At a rehearsal last week, a person couldn’t tell Roedl had been dancing less than a year or that this would be his first public performance. In a duet with Shiro, he moved confidently. Raise Shiro up over his head so she looked like she was flying, then twist and let her gracefully fall, catching her at the last minute? No problem.

“I felt trustful,” Shiro said. “He clicked. No matter what lift I wanted to try, I felt like I could go for it. Even if it failed, I knew he would not let me hit the floor.”

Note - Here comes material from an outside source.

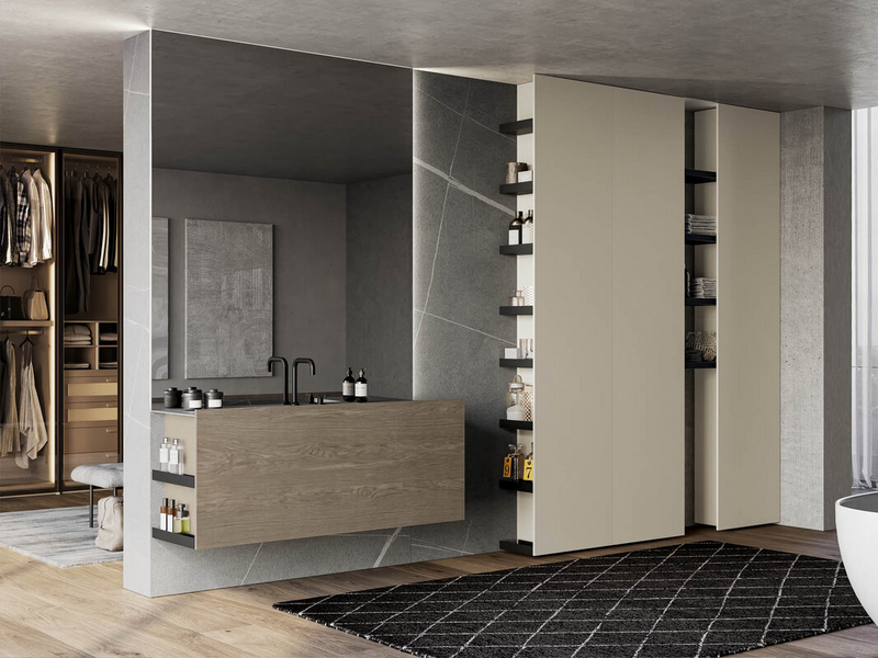 Essential refinement concentrated in a winning combination of storage and aesthetic elegance. The contemporary design bathroom furniture Sail stands out for its unconventional use of geometry, thanks to the projecting doors that draw new functional volumes.
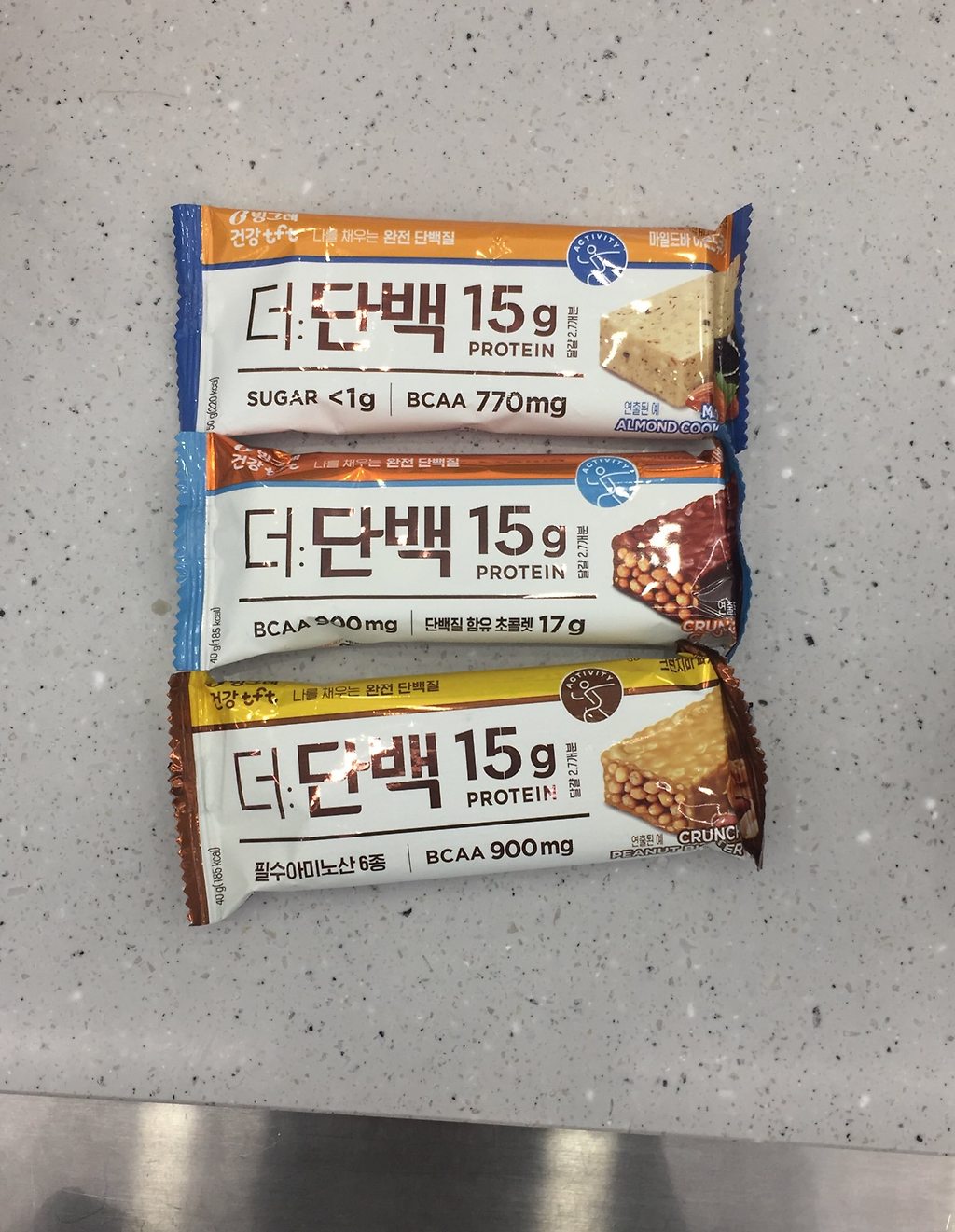 전 이거 사먹어봤는데 너무 맛있어요.. BSN 프로틴바(해외 제품) 너무 맛있고 성분좋은데 너무 비싸서 못샀거등요(12개에 4만원대..) 근데 이것두 크런치에 짱맛임! 이만한 칼로리에 단백질 15g되는 국내제품 별로 없어서 아쉬웠는데, 이거 맛도 좋고 괜찮네요!!

Shiro planned one duet with Roedl, but they had so much fun, she added another. Duets take dancing to another level in their intimacy, Shiro said. Before doing a duet, Shiro said she sat down and talked with Roedl about that.

“It has to be very tender and very sweet. We must connect on an emotional level. Otherwise it’s a string of steps,” Shiro said. “The thing that turns a string of steps into a piece of art is an emotional connection.”

That emotional connection is what keeps audiences coming back year after year for Jazzline. There’s the beauty of the human form, which can be seen in some dances that have posed moments, a brief stop in the motion where dance becomes sculpture. There’s the swirl of those bodies, like the energy of poi or fire dancing where the movement becomes art. Underlying it all is emotion: love, loss, longing, parting and rebirth.

“I’ve seen him grow in so many ways, not only dancing, growing in his ability to express,” Shiro said of Roedl.